Begin at the top of the records below and return each line exactly through the line with "The final preacher". Skip pictures.

Dataset excerpts
====================

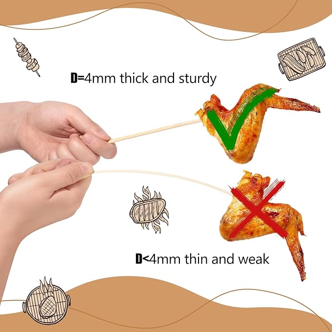 - 【Widely Used】The skewers can be used for marshmallow, hot dogs, sausages, kebabs, roasting,and also suitable for plant stakes,garden sticks,plant supports,floral picks,crafts and much more.
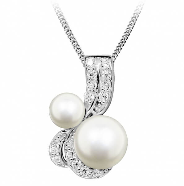 Silver Cat Očarujúce náhrdelník s perlami a zirkónmi SC422 (retiazka, prívesok)
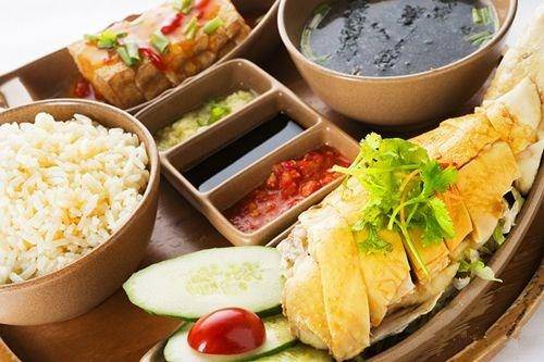 鲜美嫩滑多汁的白斩鸡搭配油光黄澄香鸡饭,配以鸡汤、切片的黄瓜和特制辣椒酱及姜蓉一起食用,简单美味,妙不可言。
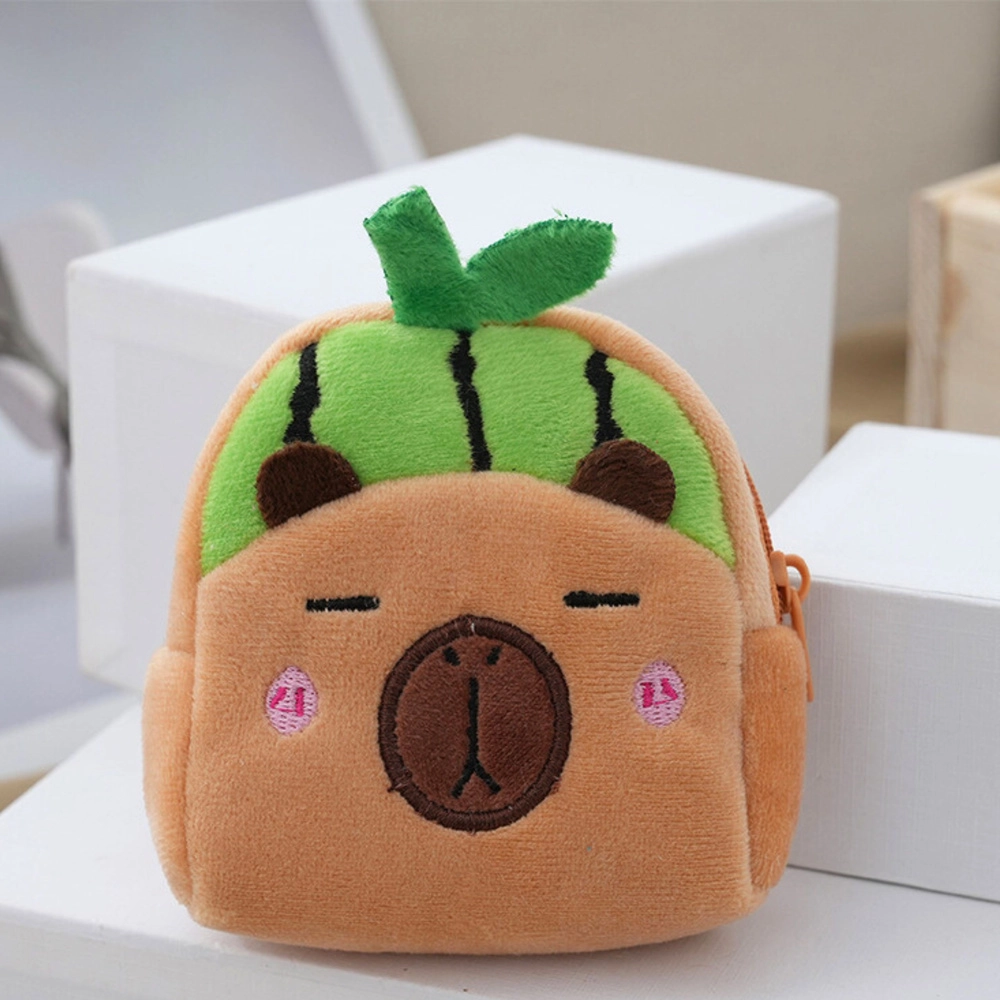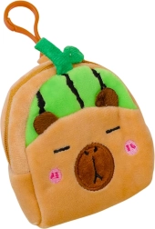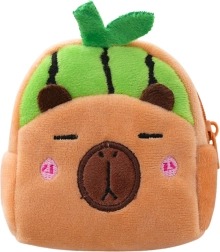 Schattige en praktische miniportemonnee in de vorm van een capibara met een motief van een groene watermeloen. Dankzij de zachte pluche voelt hij prettig aan, heeft een ritssluiting voor het veilig opbergen van kleinigheden en een plastic clip om aan een rugzak of sleutels te bevestigen. De compacte afmetingen van 9,5 × 8 cm passen in je broekzak, tas of schoolrugzak.
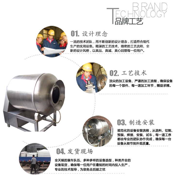 2.該機(jī)采用電腦控制變頻技術(shù),節(jié)能高,使用安 方便,轉(zhuǎn)速可根據(jù)工藝要求任意調(diào)整,噪音小,結(jié)構(gòu)緊湊,性能穩(wěn)定,滾筒兩端均采用旋壓式封頭,增加滾筒空間,滾揉效果均勻,噪音低,肉質(zhì)嫩,口感好,效率高.
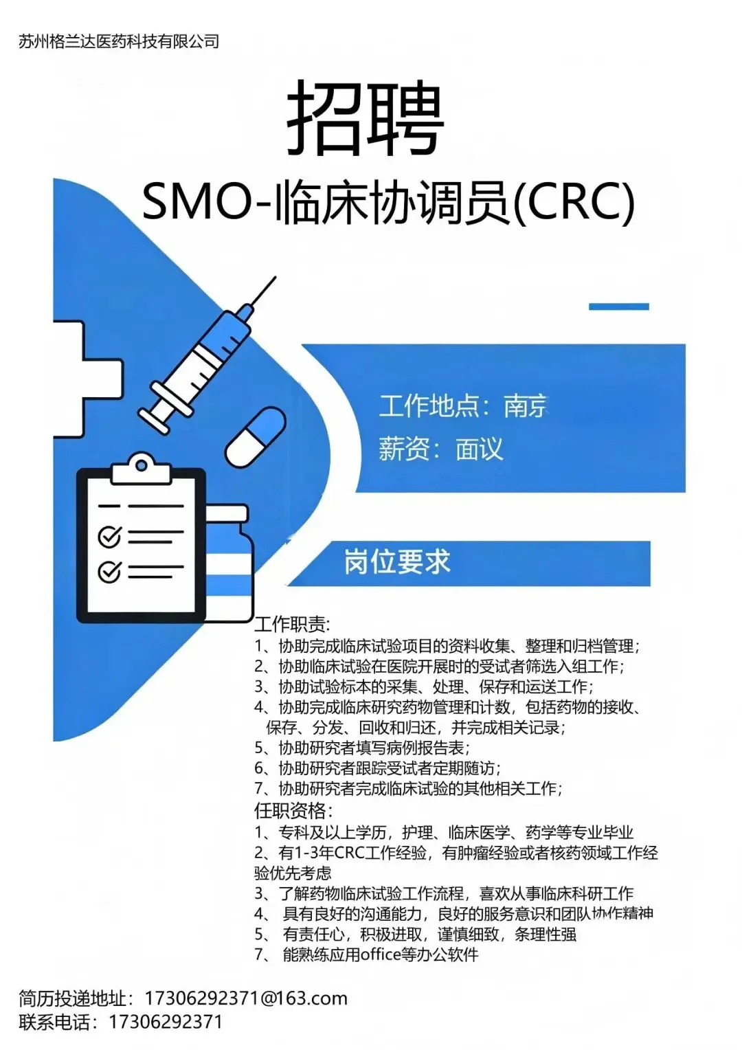 CRC招聘信息免费发布
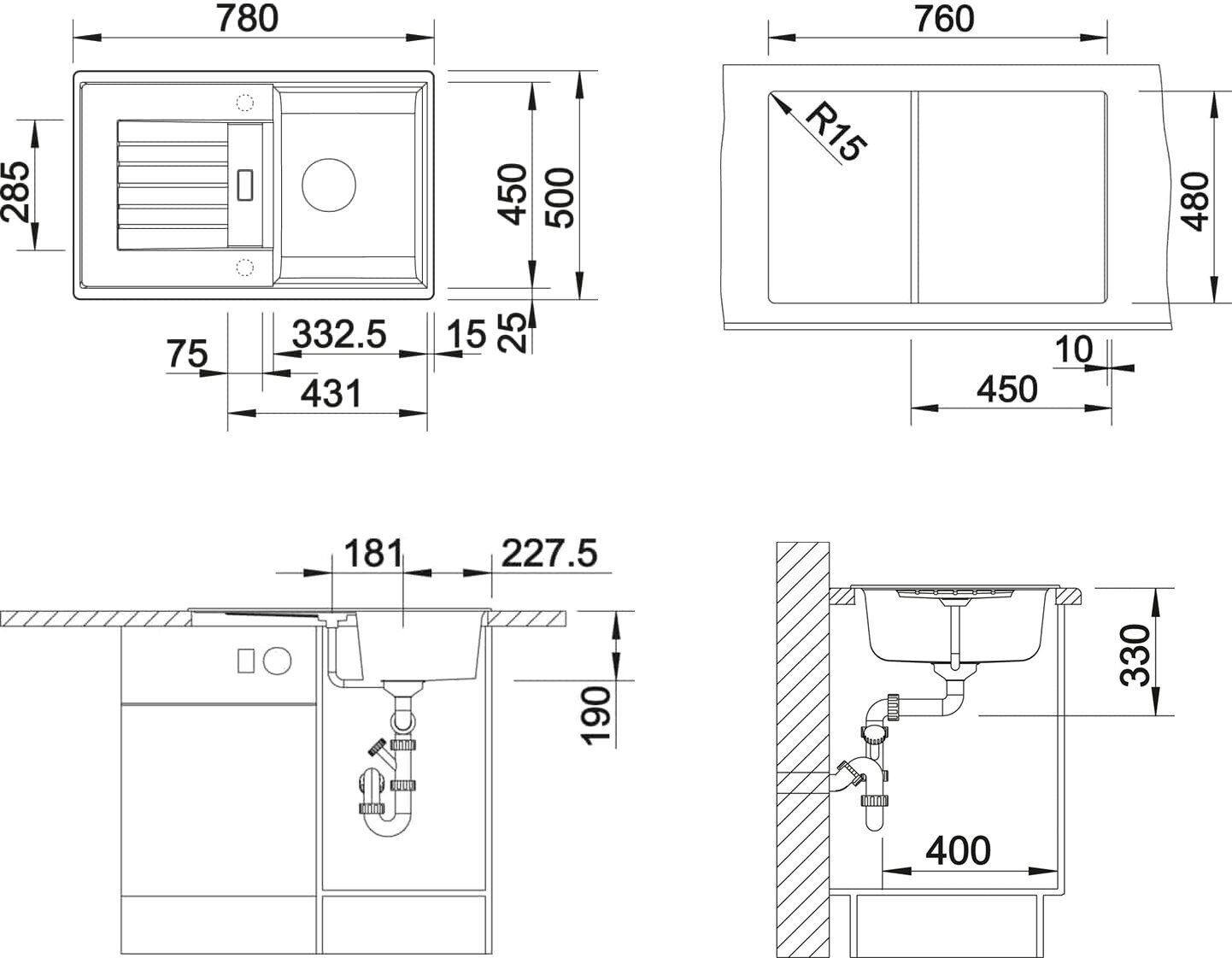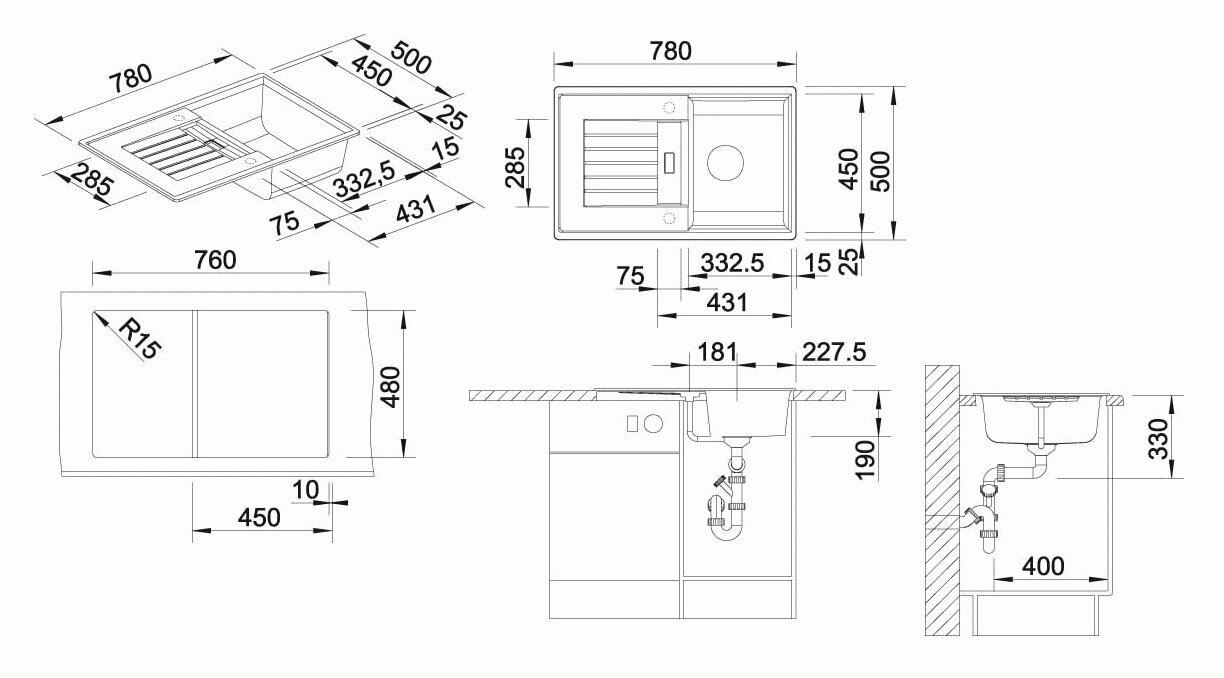 - 760x480 мм / угловой радиус врезки 15 мм /
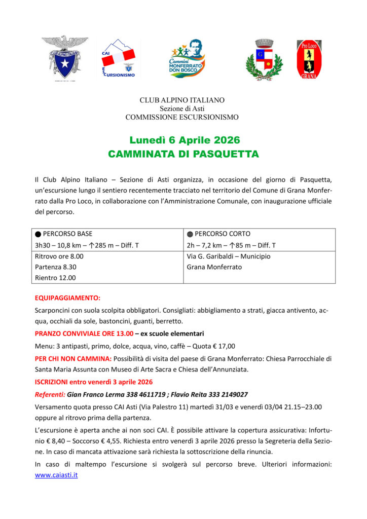 Il Club Alpino Italiano – Sezione di Asti organizza, in occasione del giorno di Pasquetta, un’escursione lungo il sentiero recentemente tracciato nel territorio del Comune di Grana Monferrato dalla Pro Loco, in collaborazione con l’Amministrazione Comunale, con inaugurazione ufficiale del percorso.
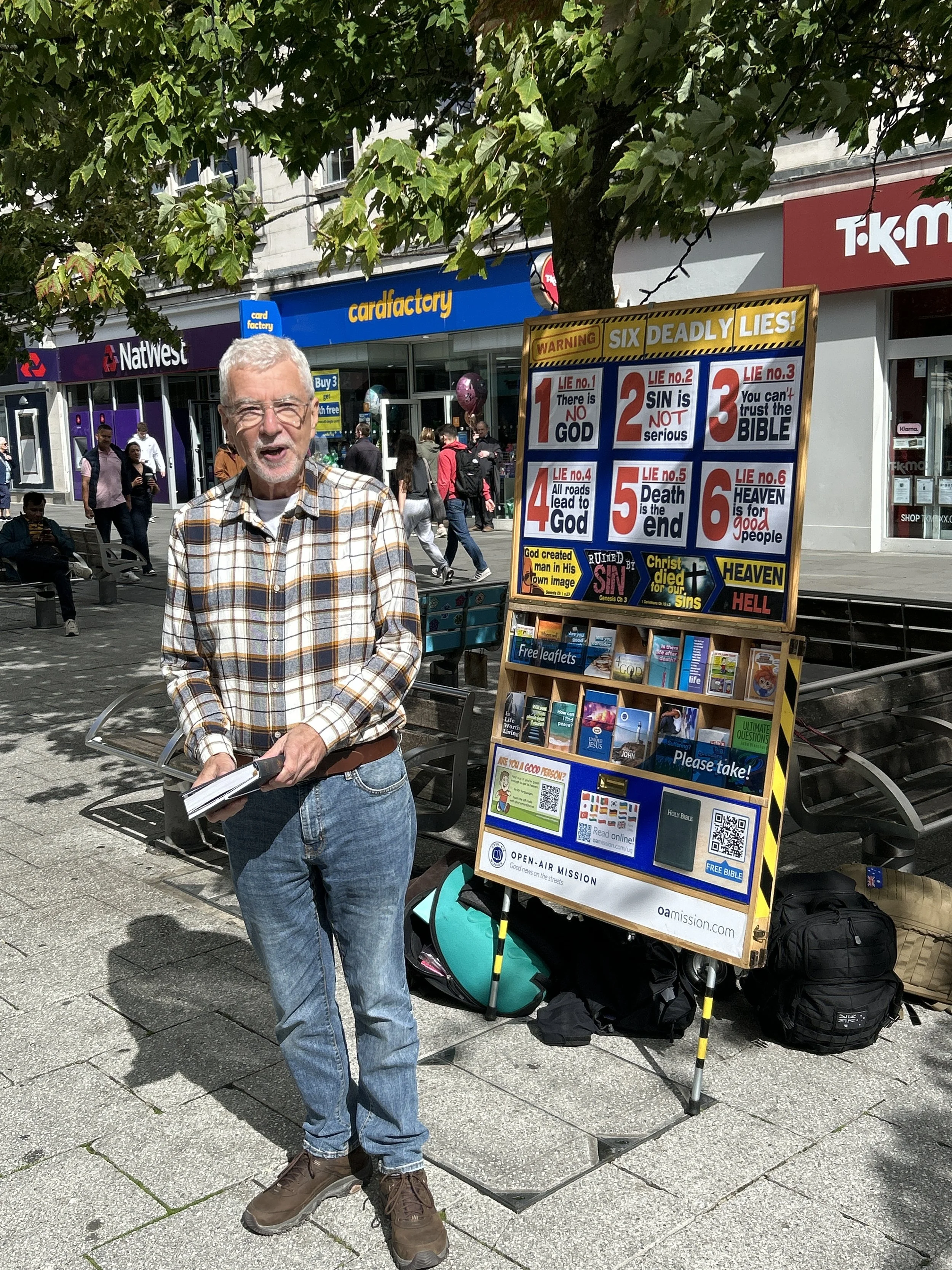 The final preacher of the day was Richard, who spoke on “Life: What’s the Point?” I wasn’t able to hear his message, as a man who had listened to me preach came over to talk. He told me he had grown up in a rough environment and had been deeply hurt by the Church. He shared his painful story, explaining that the ‘so-called Christians’ he had met seemed to think they were better than him. I told him that Christians are simply forgiven sinners, and that by nature we are no better than anyone else. He continued to share his concerns, and I was able to respond. In the end, he accepted a tract and a booklet addressing the question of why there is suffering.
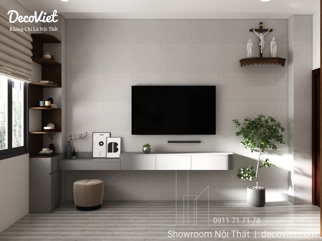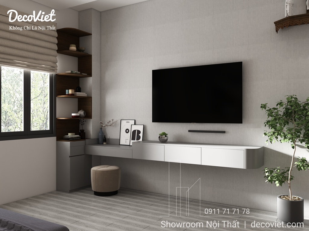 Một mẫu kệ tivi treo tường kết hợp với bàn trang điểm cùng sự độc đáo về độ cao sẽ tạo được điểm nhấn cho không gian phòng ngủ. Bố trí các hộc kéo tiện lợi cho việc cất giữ các vật dụng cá nhân. Đặt một chậu canh xanh cho không gian nghỉ ngơi thêm phần tươi mới và năng lượng. Mẫu kệ trang trí với kiểu dáng độc đáo cũng vô cùng ấn tượng, giúp phòng ngủ thêm sinh động và tiện nghi.
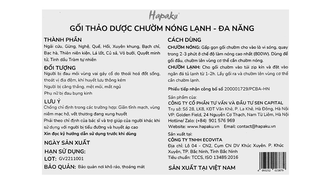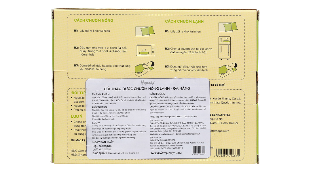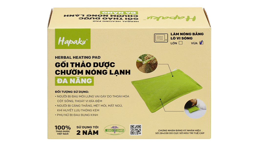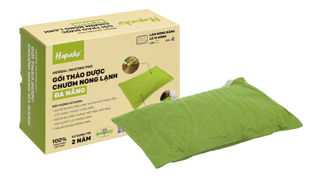 Gối chườm thảo dược nóng lạnh đa năng Hapaku – sản phẩm kết hợp độc đáo giữa liệu pháp chườm nóng và thảo dược truyền thống Việt Nam.

====================

Written solution ::
 - 【Widely Used】The skewers can be used for marshmallow, hot dogs, sausages, kebabs, roasting,and also suitable for plant stakes,garden sticks,plant supports,floral picks,crafts and much more.
 Silver Cat Očarujúce náhrdelník s perlami a zirkónmi SC422 (retiazka, prívesok)
 鲜美嫩滑多汁的白斩鸡搭配油光黄澄香鸡饭,配以鸡汤、切片的黄瓜和特制辣椒酱及姜蓉一起食用,简单美味,妙不可言。
 Schattige en praktische miniportemonnee in de vorm van een capibara met een motief van een groene watermeloen. Dankzij de zachte pluche voelt hij prettig aan, heeft een ritssluiting voor het veilig opbergen van kleinigheden en een plastic clip om aan een rugzak of sleutels te bevestigen. De compacte afmetingen van 9,5 × 8 cm passen in je broekzak, tas of schoolrugzak.
 2.該機(jī)采用電腦控制變頻技術(shù),節(jié)能高,使用安 方便,轉(zhuǎn)速可根據(jù)工藝要求任意調(diào)整,噪音小,結(jié)構(gòu)緊湊,性能穩(wěn)定,滾筒兩端均采用旋壓式封頭,增加滾筒空間,滾揉效果均勻,噪音低,肉質(zhì)嫩,口感好,效率高.
 CRC招聘信息免费发布
 - 760x480 мм / угловой радиус врезки 15 мм /
 Il Club Alpino Italiano – Sezione di Asti organizza, in occasione del giorno di Pasquetta, un’escursione lungo il sentiero recentemente tracciato nel territorio del Comune di Grana Monferrato dalla Pro Loco, in collaborazione con l’Amministrazione Comunale, con inaugurazione ufficiale del percorso.
 The final preacher of the day was Richard, who spoke on “Life: What’s the Point?” I wasn’t able to hear his message, as a man who had listened to me preach came over to talk. He told me he had grown up in a rough environment and had been deeply hurt by the Church. He shared his painful story, explaining that the ‘so-called Christians’ he had met seemed to think they were better than him. I told him that Christians are simply forgiven sinners, and that by nature we are no better than anyone else. He continued to share his concerns, and I was able to respond. In the end, he accepted a tract and a booklet addressing the question of why there is suffering.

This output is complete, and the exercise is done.